A shaft of vivid light comes in from up high, cutting into the murk and gloom of the room. It sits on the side of Paul’s face, haloing his head and illuminating his hands. The picture paddles in a broad, un-polished technique that’s typical of Rembrandt’s later works. Bold strokes define the lines of the desk and chair and mark in the contours of the clothes. Smudged, fudged areas of blended paint create an amorphous feel across the back wall. Some sharper sense of detail comes in with the clean lines that define the sword and pen: Rembrandt picks these things out, makes them sparkle with tiny dabs of bright white paint. There are swirling, sliding strokes scragging up the beard and a few feints and starts in the paint on the right hand that have you looking hard at the subject’s job-in-hand. For all the lack of (obvious) color contrasts here, Rembrandt’s vast variety of mark-marking is utterly virtuoso and visually electric.

The thing that’s most moving about this is that a picture of a man long-dead and buried in religious lore becomes not only an arresting physical impression, but also a lively study of the human spirit. Paul’s tension in an instant when the fluency of his writing has hit flush against a wall comes across in his forehead forage, the slack hand and those pages pestering to be impressed. The firm fix of his features reads concentration, exasperation. And that sparkly sword just standing by strikes in with the ominous inevitability of a martyr’s death.
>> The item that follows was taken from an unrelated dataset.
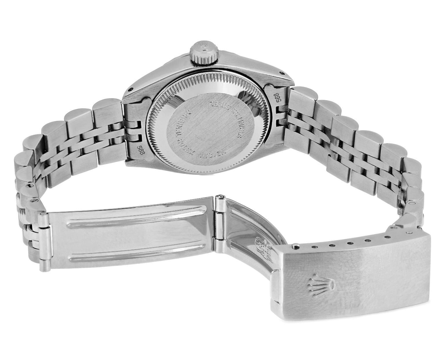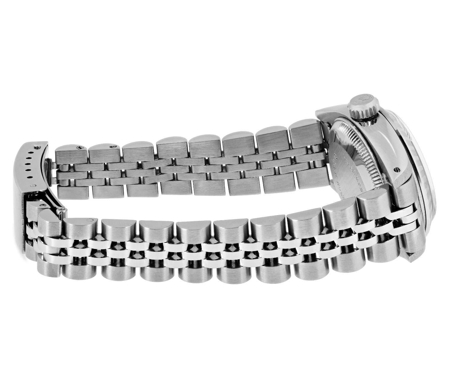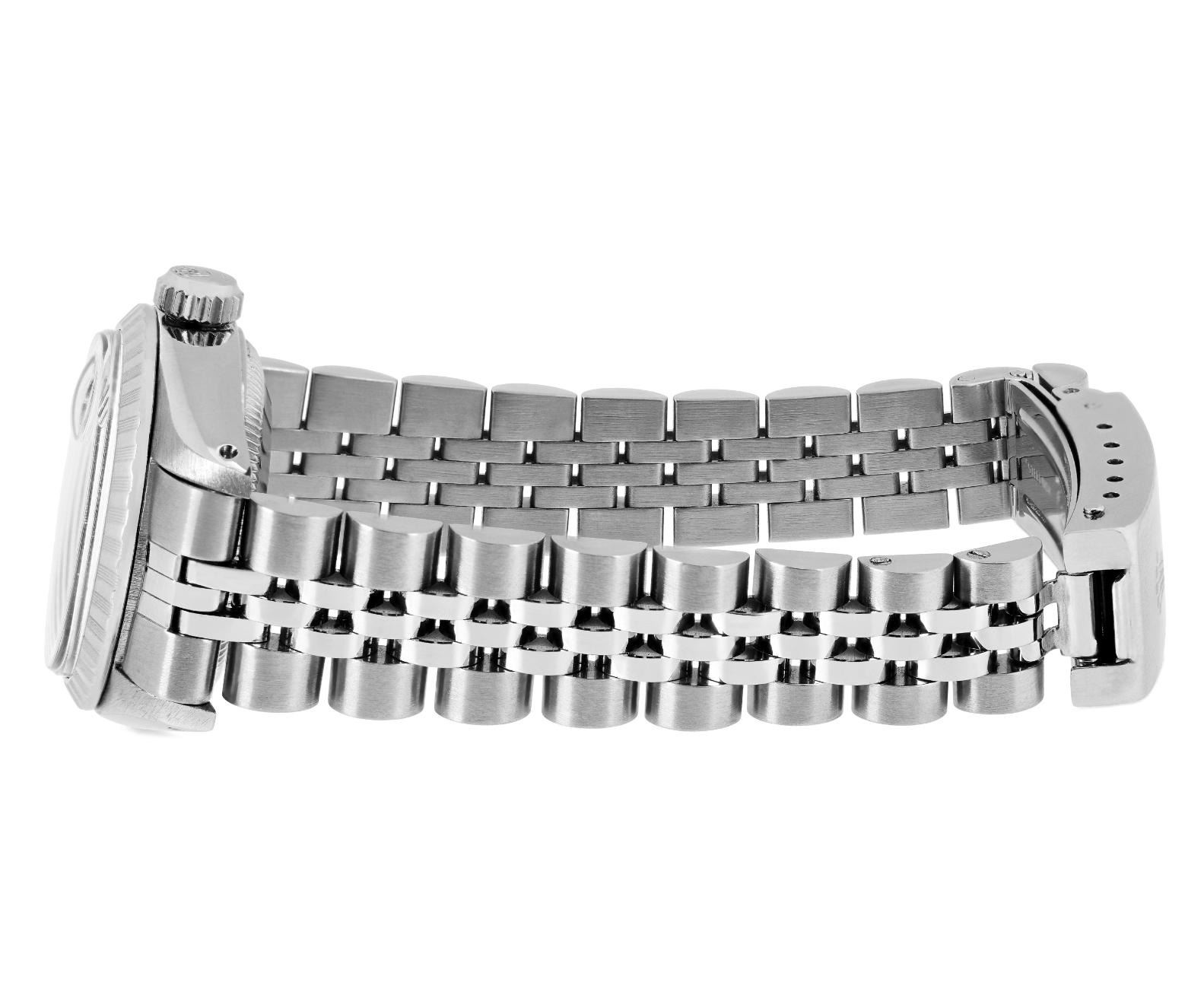 This Lady Rolex Date watch features a silver dial with index hour markers and a custom plastic crystal, with a magnified date window. The timepiece has Rolex stainless steel engine turn bezel. The Rolex 26mm case is crafted from stainless steel and includes a Rolex screw-down crown. The bracelet is a Rolex stainless steel Jubilee band, designed to fit wrists up to 6 inches in circumference. The Watch Is Powered by the Rolex automatic self-winding Caliber 2035 movement. This watch has been polished and serviced and is in excellent condition. It will also be time tested before shipment.

The Apostle Paul is much more than an abstract image of a mythic man: in Rembrandt’s hands it becomes a work of compassionate psychological insight, which I can’t help but think might be infused with feelings from the artist’s own experiences at the time. While he’d enjoyed domestic happiness and professional success early in his career, Rembrandt’s later life was marred by personal and financial misfortune. He’d lost his 30 year-old wife in 1642 and three of their four children in infancy, and the year before this picture was painted he’d been declared bankrupt. So it wouldn’t be impossible (especially in an artist who left us over 70 self-portraits) to detect a shadow of self-imaging slicked-in here.